Private investment funds are shying away from buying stakes in listed companies, deals that were preferred until two years ago, when private equity (PE) firms were rushing to buy into the Indian growth story.
Private investment in public equity (PIPE) has dropped since then to nearly a quarter of its share in annual PE investments, according to VCCEdge, the financial research unit of VCCircle.
Last year’s market crash, coupled with the emergence of new investment avenues, appears to have caused this change in attitude. “The losses in 2008 may have led funds to take a more conservative approach,” says Keshav Misra, head of investments, consumer goods, Baring Private Equity Partners India Ltd.
But investment advisers claim such deals could rally back in coming months, riding on their many benefits for PE funds once listed companies start thinking again about raising capital. PIPE deals are PE investments in listed companies that are usually held for three-four years and come with some rights.
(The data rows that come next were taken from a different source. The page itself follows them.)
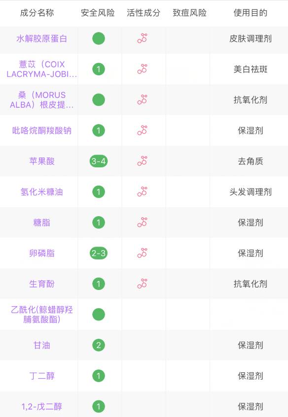 成分表的前排是薏苡籽提取物、以及苹果酸、VE这些保湿顺便抗氧化的成分,整支眼霜的关键词都在美白和抗氧化上,而且价格还辣么白菜!
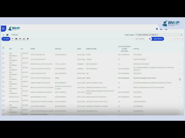 [Música] para lançamento desta peça é necessário o cadastro prévio do mandado de monitoramento eletrônico cautelar ou em execução para localizar o cadastro da pessoa em pessoas cadastradas Clique na opção ver todas no campo pesquisar digite o nome da pessoa ou outro dado conhecido e Clique na lupa identificada a pessoa clique no menu localizado no canto direito da tela e selecione a opção incluir peça em tipo de peça selecione a opção revogação do mandado de monitoramento Eletrônico em dados da peça indique o processo referente ao mandado de monitoramento eletrônico que deve ser revogado informe o motivo
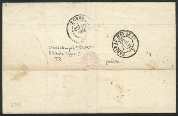 13/JUL/1869 Trieste-France: Folded cover franked by Sc.32 (Mi.40), superb, rare! (Image) (Image-02)
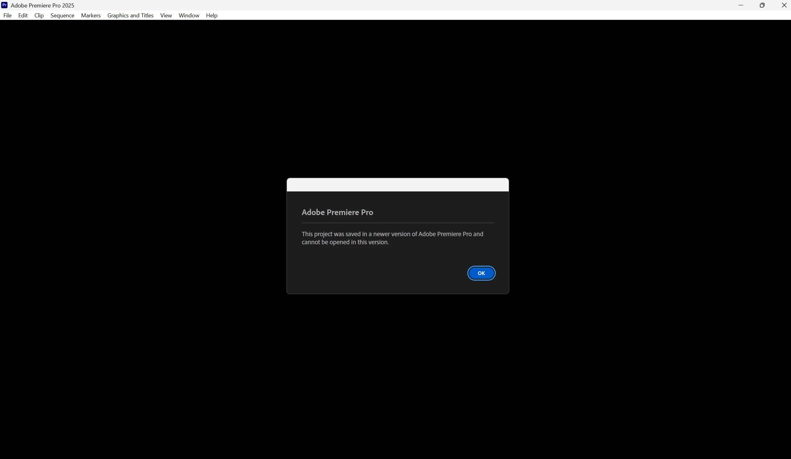 Premiere projects saved in v25.6.0 cannot be opened in other v25.x versions
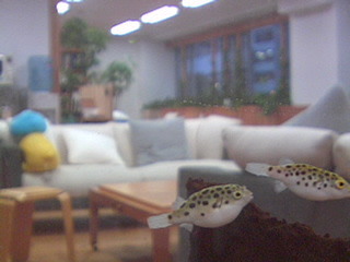 ナイスショット ーーーーーーーーーーーーーー 今日の夕方、こんなにハッキリしたフグさんが! しかも2匹で仲良く泳いでる〜。 結構ぼんやり映っていることが多いので、大興奮でした。 (R) ーーーーーーーーーーーーーー おぉ、お見事! いただく写真の中でもかなり綺麗な形でミドリフグさんがうつっている一枚だと思います。 水槽が大きくなったので、水槽の手前にいるか奥にいるかで、フグさんの大きさがかなり違いますね。 ちなみに左にうつっているのが、スーパームーンの彼です。 2012/05/16 14:11 |
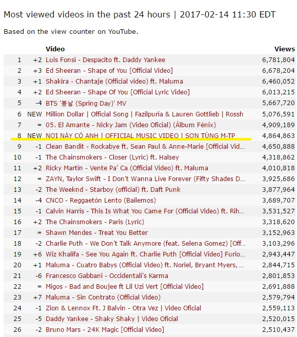 Theo số liệu của Kworb.net, tính đến 11h30 theo giờ EDT tức 22h30 giờ Việt Nam, Nơi này có anh đạt hơn 4.8 triệu lượt xem và đứng thứ 8 trong top những MV được xem nhiều nhất thế giới ngày 14/2.

A new direction: The Lehman Brothers office in New York. Last year’s market crash and the emergence of new investment avenues appear to have caused a change in investor attitude. Jeremy Bales/Bloomberg
In 2009, when PE deals were the lowest since 2005, funds invested only $670 million (Rs3,135.6 crore) in public markets out of a total investment of $3.73 billion across 175 transactions.
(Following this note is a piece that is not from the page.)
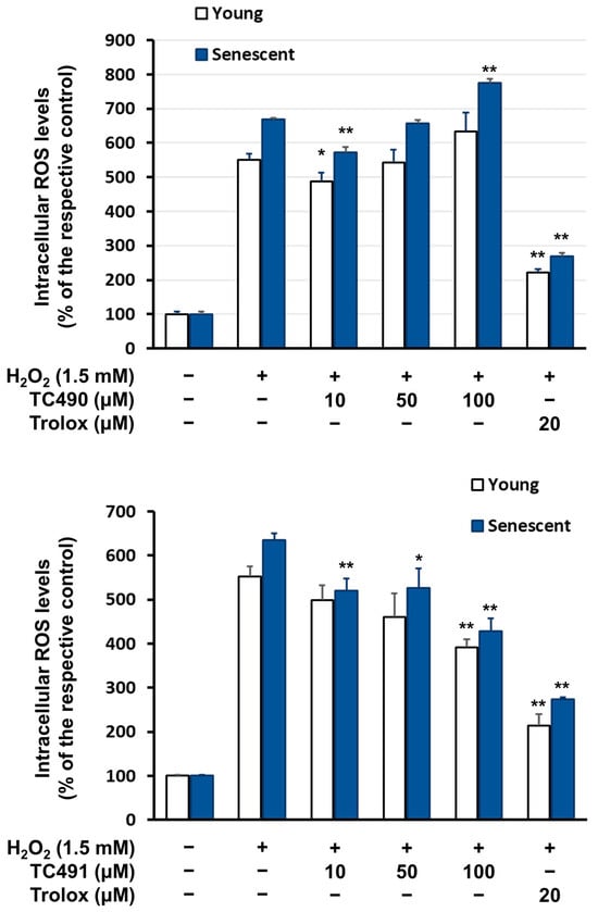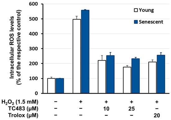 Besides TC488, analogue TC483 was also studied for its effects on the intracellular ROS levels of both young and senescent human skin fibroblasts, and it was found to suppress them at a level comparable to that of the positive control Trolox, with a slight tendency for recovery at 24 h (Figure 7). TC483 (like TC488) was also capable of reverting H2O2-induction of ROS in both young and senescent human skin fibroblasts (Figure 8).

This includes many funds that did quick flips by buying into listed companies between September 2008 and March and then offloading them to cash in on the market rally that started in May. If these are excluded, the value of PIPE deals stood at $408 million across 32 deals, or 11% of this calendar year’s deal value, until 18 December.
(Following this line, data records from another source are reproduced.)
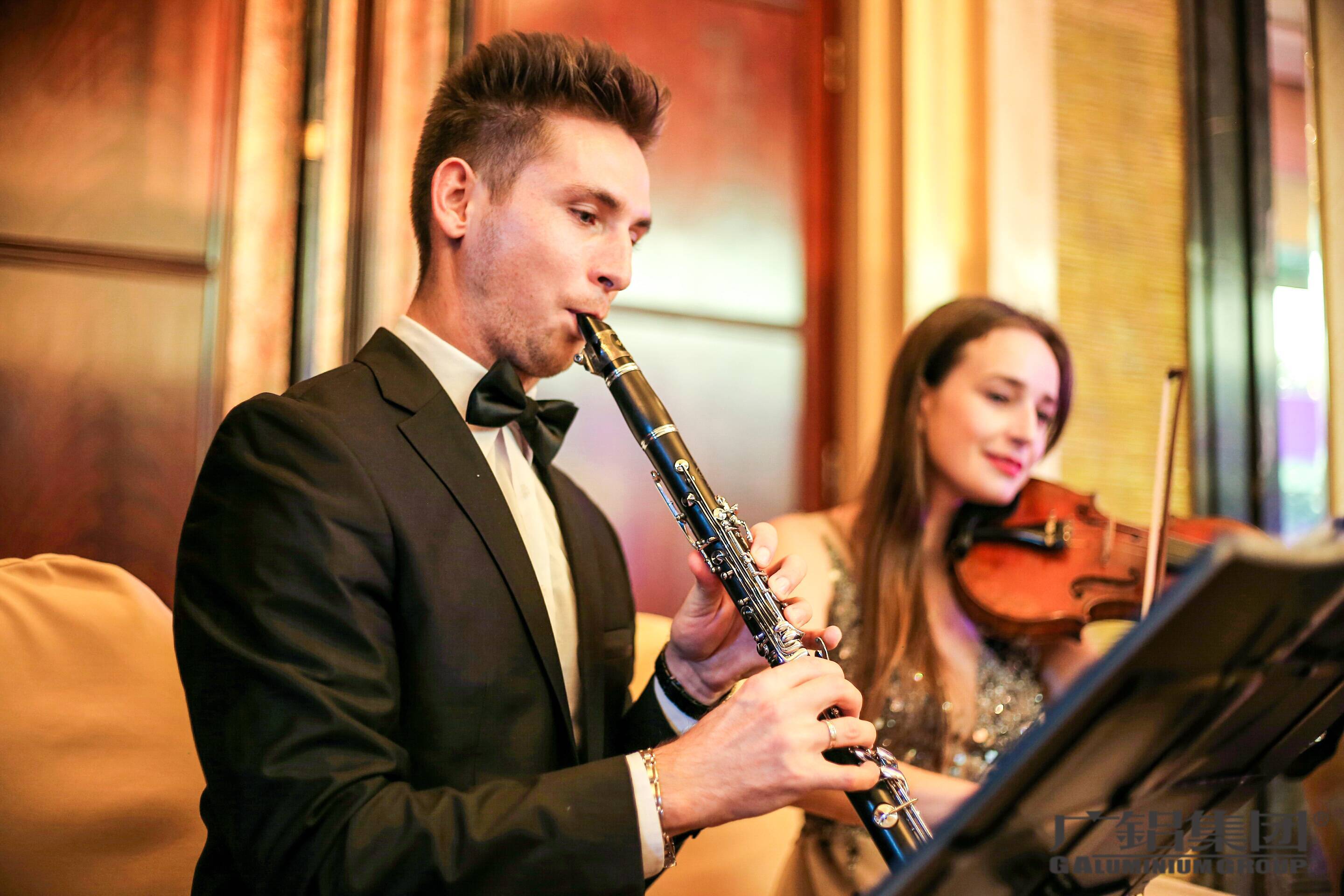 優(yōu)雅動(dòng)聽(tīng)的古典音樂(lè)演奏,搭配柔和的燈光、精致的美食、清醇的香檳,營(yíng)造了輕松愉快的氛圍。
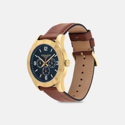 Gold tone case and leather strap Approx. case diameter - 42mm Mineral crystal Quartz movement Buckle closure Water-resistant to 99 feet Style No. C6531 | Outlet Casey Watch, 42 Mm - Brown
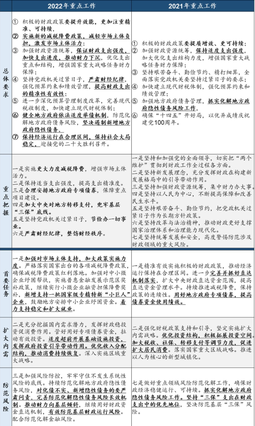 财联社(北京,记者 张晓翀)讯,周一全国财政工作视频会议召开,部署2022年财政工作。市场人士指出,明年财政收入端将有更大力度的减税降费,支出端将进行力度、进度和结构的优化,力度上要扩大有效投资和内需推动稳增长,进度要发力靠前和适度超前基建,结构侧重民生、科技与新基建;赤字和债务规模或有所扩大。
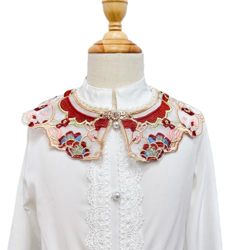 More information about Kids Girls Chinese Vintage Embroidered Flower Shawl Wrap Scarf Pearl Beaded Neckline Dresses Decorative False Collar
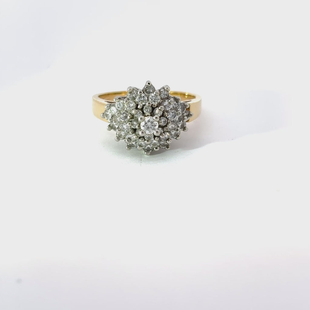 Sublime bague multi-pierres en or jaune, une pièce présente ornée de diamants ronds taille brillant. Cette bague rayonne d'un tel éclat, elle sera un bijou raffiné pour illuminer votre quotidien.

That’s way below their peak of 41% in 2007 and 16% in 2008, according to VCCEdge. The reason? Many funds that invested in PIPE deals at the end of 2007 and early 2008 suffered heavy losses. For instance, Singapore-based Orient Global exited its Rs850 crore investment in financial services group India Infoline Ltd at a reported loss of at least 50%.
This has scared investors away. Global private equity firm Blackstone Group LP, one of the most active in the PIPE space with three deals in fiscal 2008, has struck three transactions in privately held companies since the meltdown.
The focus now seems to be on qualified institutional placements, says Vishal Gupta, director at Bessemer Venture Partners. The US-headquartered investment firm has closed two deals in privately held companies in the past six months.
Also, there is a class of PE funds looking at buyout transactions that are more suited to privately held companies. Although buyouts are still a small part of the Indian PE landscape, which is dominated by growth-capital deals, there are more funds focused on such transactions.
Funds do not get a lot of negotiating room in public companies and the possibilities of structured deals are also low.
There have been majority stake transactions in public markets but these deals involve complying with open offer norms and dealing with the capital market regulator, says Misra of Baring.
But this is not to say that PIPE deals will completely fade out. They bring many advantages, liquidity being the key among them. “You see your money every day and so the risk of getting locked out are much lower,” says Narayan Anand, director of Chennai-based investment bank Veda Corporate Advisors Pvt. Ltd. PE funds looking for investments of large size and scale may ultimately have to turn to public companies.
Graphics: Ahmed Raza Khan / Mint
Another factor that could drive PIPE deals in the coming months is listed companies de-freezing their fund-raising plans. “We are seeing more PIPE deals with more promoters willing to dilute their stake for expansion and acquisitions,” says Misra.
Since September, there have been eight PIPE deals worth $197 million. The largest one was in November when LP invested $100 million in direct-to-home operator Dish TV India Ltd.